I started a preliminary list of my top books for 2010 since we've hit the halfway point. It's a separate page, so if you just read this in your google reader click here to see what I've got.

Monday, June 28, 2010

The Poisonwood Bible

I first read The Poisonwood Bible back in 2007 .

This is my review from back then:

"I had been told to read this book several (5!) years ago after seeing a movie about the ill-fated Lumumba and being interested in the history of the Congo during that period. For whatever reason, I never got around to it til a recent trip when I had to time to do some reading. Wow. I should have read this book years ago. The history is really interesting as the story of the Price family envelopes you. Any time a book gets you to feel so much emotion, its a good one. So if you've been like me, having this book on your to-read list, get to i

I reread it recently and still loved it. It is one of my all time favorites.

Saturday, June 26, 2010


Last year I picked up a graphic novel for the first time. I actually picked it up on accident. Evan and I were in DC at the Air and Space Museum. We popped into the gift shop as it was closing. I saw Laika by Nick Abadzis and grabbed it. I didn't pick it up to look at it for a few months and when I did, I thought, "Ooops." But since I already owned it, I figured I'd try it out. Little did I expect, I really enjoyed it.

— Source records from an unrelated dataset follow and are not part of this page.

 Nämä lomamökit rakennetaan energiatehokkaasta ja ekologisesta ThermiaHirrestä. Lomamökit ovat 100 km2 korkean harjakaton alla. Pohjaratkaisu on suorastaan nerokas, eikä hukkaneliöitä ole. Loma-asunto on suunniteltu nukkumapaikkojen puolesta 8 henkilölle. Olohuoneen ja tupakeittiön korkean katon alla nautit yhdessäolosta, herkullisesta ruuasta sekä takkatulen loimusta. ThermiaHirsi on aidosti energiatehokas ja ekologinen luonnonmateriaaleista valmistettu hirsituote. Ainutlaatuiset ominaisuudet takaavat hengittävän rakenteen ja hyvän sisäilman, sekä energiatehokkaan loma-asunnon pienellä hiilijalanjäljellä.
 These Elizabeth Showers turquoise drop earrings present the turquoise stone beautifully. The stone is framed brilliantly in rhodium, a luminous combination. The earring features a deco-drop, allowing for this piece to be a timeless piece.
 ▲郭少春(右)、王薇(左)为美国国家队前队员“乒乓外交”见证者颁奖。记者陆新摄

Since then I've read several graphic novels. Maus by Art Spiegelman came highly recommended. I thought it was wonderful.

Another book that was also suggested was Persepolis. It's the author's memoir of growing up in Iran during the Islamic Revolution, the Iran/Iraq War, and the years following those events. It's the story of an independent intelligent young woman trying to be herself both in the process of growing up and in the middle of an Iran that is politically and socially limiting. To me, it was also the story of her relationship with her wonderful parents. I loved them.

The book's setting of Iran during this time period was so interesting. The politics aren't described in great detail, but social issues certainly are. The stringent guidelines that were placed on society weren't surprising since I knew some about Iran, but still very intriguing.

Friday, June 25, 2010

Sleepover Friends

Lovely Little Shelf has a Friday Flashback feature that highlights a book read in childhood.

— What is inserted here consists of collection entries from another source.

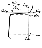 1.p-n переход без подключения внешнего напряжения. В результате перераспределения зарядов на границе возникает двойной электрический слой (Диффузионный ток – электроны из n-области проникают в р-область, а дырки из р-области переходят в n-область). Разноименные заряды создают потенциальный барьер. Однако, в противоположность диффузионному току, создается небольшой дрейфовый ток. Ф установившемся режиме: IΣ = Iдиф + Iдрейф = 0 2. Приложим к р-n-переходу внешнее напряжение (к n-области (+) к p-области (-)) Такое подключение называется обратным, ширина двойного слоя увеличивается, потенциальный барьер возрастает. Кроме того, увеличившийся двойной электрический слой обладает большим электрическим сопротивлением. 3. Приложим к р-n-переходу внешнее напряжение (к n-области (-) к p-области (+)). Получим прямое подключение источника. Потенциальный барьер уменьшается, сопротивление р-n-перехода уменьшается и прямой ток во много раз превышает ток обратного направления. Слайд 4 Диодом называют полупроводниковый прибор с одним n - p -переходом и двумя внешними выводами. По назначению диоды делят на выпрямительные, высокочастотные, импульсные, стабилитроны и т.д. Их изготавливают на основе германия или кремния. Выпрямительные диоды предназначены для преобразования переменного тока низкой частоты в постоянный ток. Вольтамперная характеристика (ВАХ) выпрямительного диода, его условное графическое изображение и буквенное обозначение даны на рис. Слайд 5 Стабилитрон представляет собой кремниевый полупроводниковый диод, который нормально работает при электрическом пробое n - p -перехода. При этом напряжение на диоде незначительно зависит от протекающего тока. Электрический пробой не вызывает разрушения перехода, если ограничить ток до допустимой величины. Стабилитроны применяют для стабилизации постоянного напряжения. ВАХ стабилитрона и его условное графическое обозначение приведены на рис.1.3.
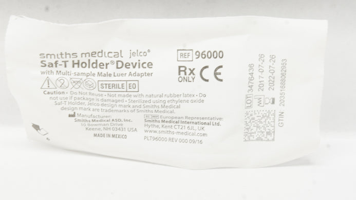 - Smiths Medical 96000 Jelco Saf-T Holder Device w/Male Luer Adapter (x)
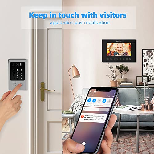 【Videocitofono Wi-Fi con password / scheda RFID/app del telefono cellulare/funzione di sblocco del monitor】 Quando i visitatori premono il campanello, puoi vedere parlare con tutti davanti alla tua porta da qualsiasi luogo sul monitor LCD con touch screen da 7 pollici o il tuo smartphone prima aprire la porta. Migliora la sicurezza e il comfort della tua casa e non perderai nessuna visita.
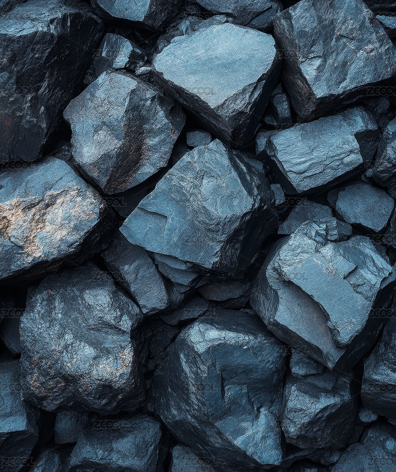 深蓝色岩石堆特写
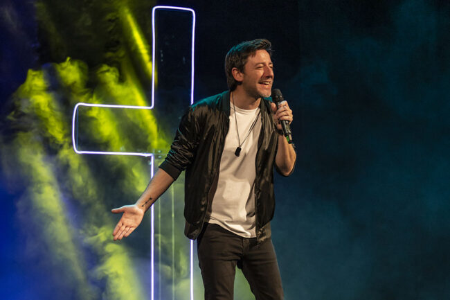 - Sí, yo siempre lo hago. Hay muchas partes donde hago reflexionar a la gente. Por ejemplo, en la duda, de que dudamos mucho y hago que la gente se sienta bien diciendo, bueno, no solo me pasa a mí, también le pasa a alguien que está sobre el escenario.
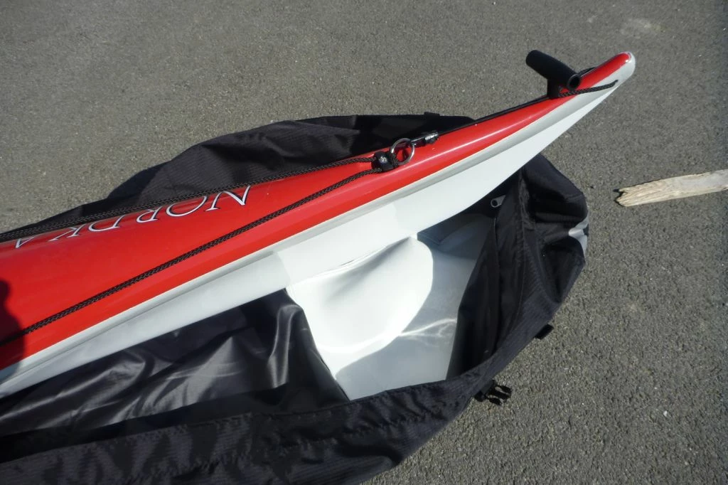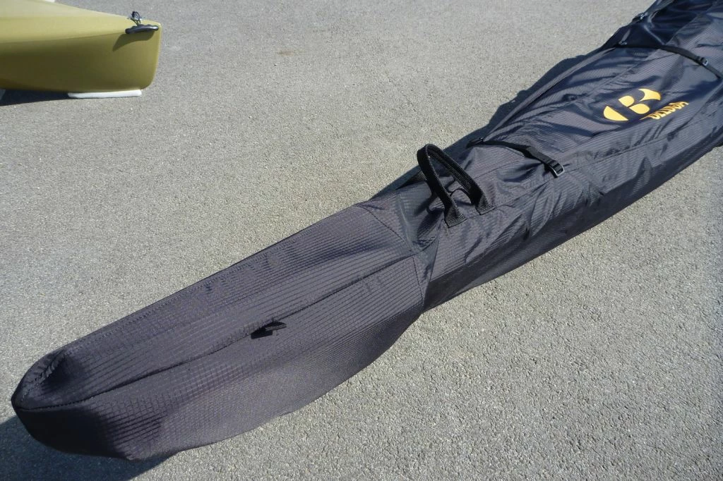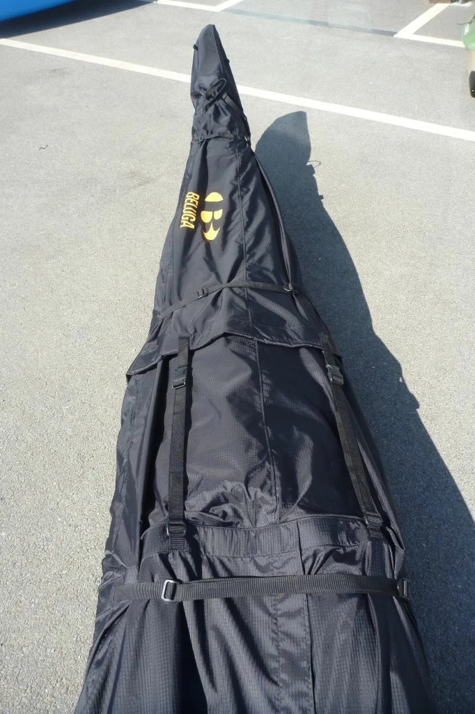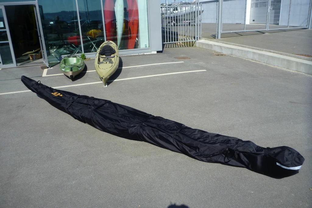 la housse est réalisée dans un tissu Nylon Rip Stop 210 deniers, une fermeture à glissière sur la moitié de la housse permet la fermeture de la housse et des sangles permettent de la serrer sur le kayak pour éviter que le tissu ne batte pendant le transport.
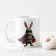Héroe conyugal: Salvando el Día clásico del café Mug, taza de café adolescente mostrando un conejo superhéroe delante, genial superhéroe conejito
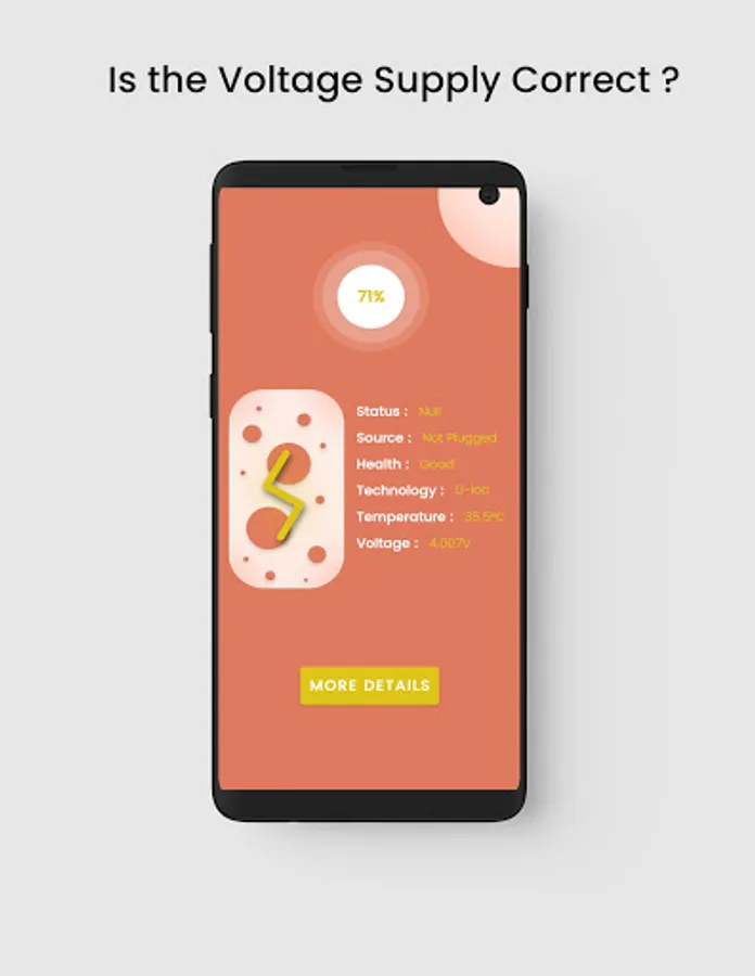 This app has the ability to check and monitor your phone's Voltage and Temperature. In addition, has the Coolest UI developed for best user experience.

I recently found a copy of the Sleepover Friends book Kate's Camp-Out in the free bin at the library. I remember loving this series as a kid. I picked it up and read it quickly. It's another childhood series that's out of print.

They are simple books that revolve around a group of fifth grade friends that have sleepovers every weekend. Between the Sleepover Friends and the Babysitter's Club I always wondered why I didn't have a similar group of friends that did things like that. It makes more sense now. Did anyone have something like these groups?

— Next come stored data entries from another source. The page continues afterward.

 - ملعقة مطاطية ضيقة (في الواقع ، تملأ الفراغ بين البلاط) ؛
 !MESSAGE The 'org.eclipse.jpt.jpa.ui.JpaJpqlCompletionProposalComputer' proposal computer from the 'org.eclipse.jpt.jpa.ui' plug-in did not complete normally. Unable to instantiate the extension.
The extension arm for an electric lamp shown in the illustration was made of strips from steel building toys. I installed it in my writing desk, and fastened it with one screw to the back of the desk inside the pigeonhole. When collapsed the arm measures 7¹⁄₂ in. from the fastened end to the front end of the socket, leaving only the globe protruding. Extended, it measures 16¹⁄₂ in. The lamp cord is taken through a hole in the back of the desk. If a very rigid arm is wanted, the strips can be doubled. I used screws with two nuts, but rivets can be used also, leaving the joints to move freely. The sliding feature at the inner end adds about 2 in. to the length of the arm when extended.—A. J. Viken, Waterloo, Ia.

One passage in the book made me gasp though:

"I could stand to walk off some of this breakfast," Stephanie said, licking cream cheese and jam off her finger, "before it collects on my hips."

Eeek! This is a 5th grader saying such things.

Besides that, I thought it was a cute book about friendship.

Thursday, June 24, 2010

Book T-shirts

Thanks to my friend Jacki, I bought this fun book t-shirt.

This shirt is no longer available, but woot does have this book shirt.

I've also been eying these two, which are both on Cafe Press.

Tuesday, June 22, 2010

Made in America

I'm a big fan of Bill Bryson so I picked up this book with great hopes. Despite lacking some of the usual Bryson humor that I really enjoy, I still found this book to be fascinating and well worth the read.

It's really a social history of the United States that uses language to show new inventions or ideas in society. I found it really interesting how new some of the words we use are. I also really enjoyed hearing how and when words first appeared on the scene.

One downside of the book is that Bryson wrote it in the early 90s. The book needs to be updated with all the new words we've had since then. Bryson talks about MS-DOS, but of course doesn't touch on the net, friending people, blogs, etc. Some sections are fine as is. Reading through the book and seeing the sections that need updating reminds you how much has changed in society in only the past fifteen years.

It's a great non-fiction book that's easy to read, but still has lots of information about history and culture.

Sunday, June 20, 2010

So You Want to Be President?

Oh my goodness this book is funny. I'm sure some of my enjoyment of it comes out of my interest in political science, but I'd recommend it to anyone who wonders how in the heck idiots turn in to the people running the country. I laughed out loud so many times, both at the ridiculousness of the book, but also at its crazy being so close to reality.

One of the funniest sections is merits to being qualified for President. Some of those merits?

-Shot a man in a duel (but not just to watch him die)
-Penchant for stovepipe hats
-Cartoonishly large ears
-Starred in a movie opposite a chimpanzee
-Having a very embarrassing sibling
-Having had "other priorities" at a time of war

Another good section is the one on Tim Russert, which sadly no longer applies.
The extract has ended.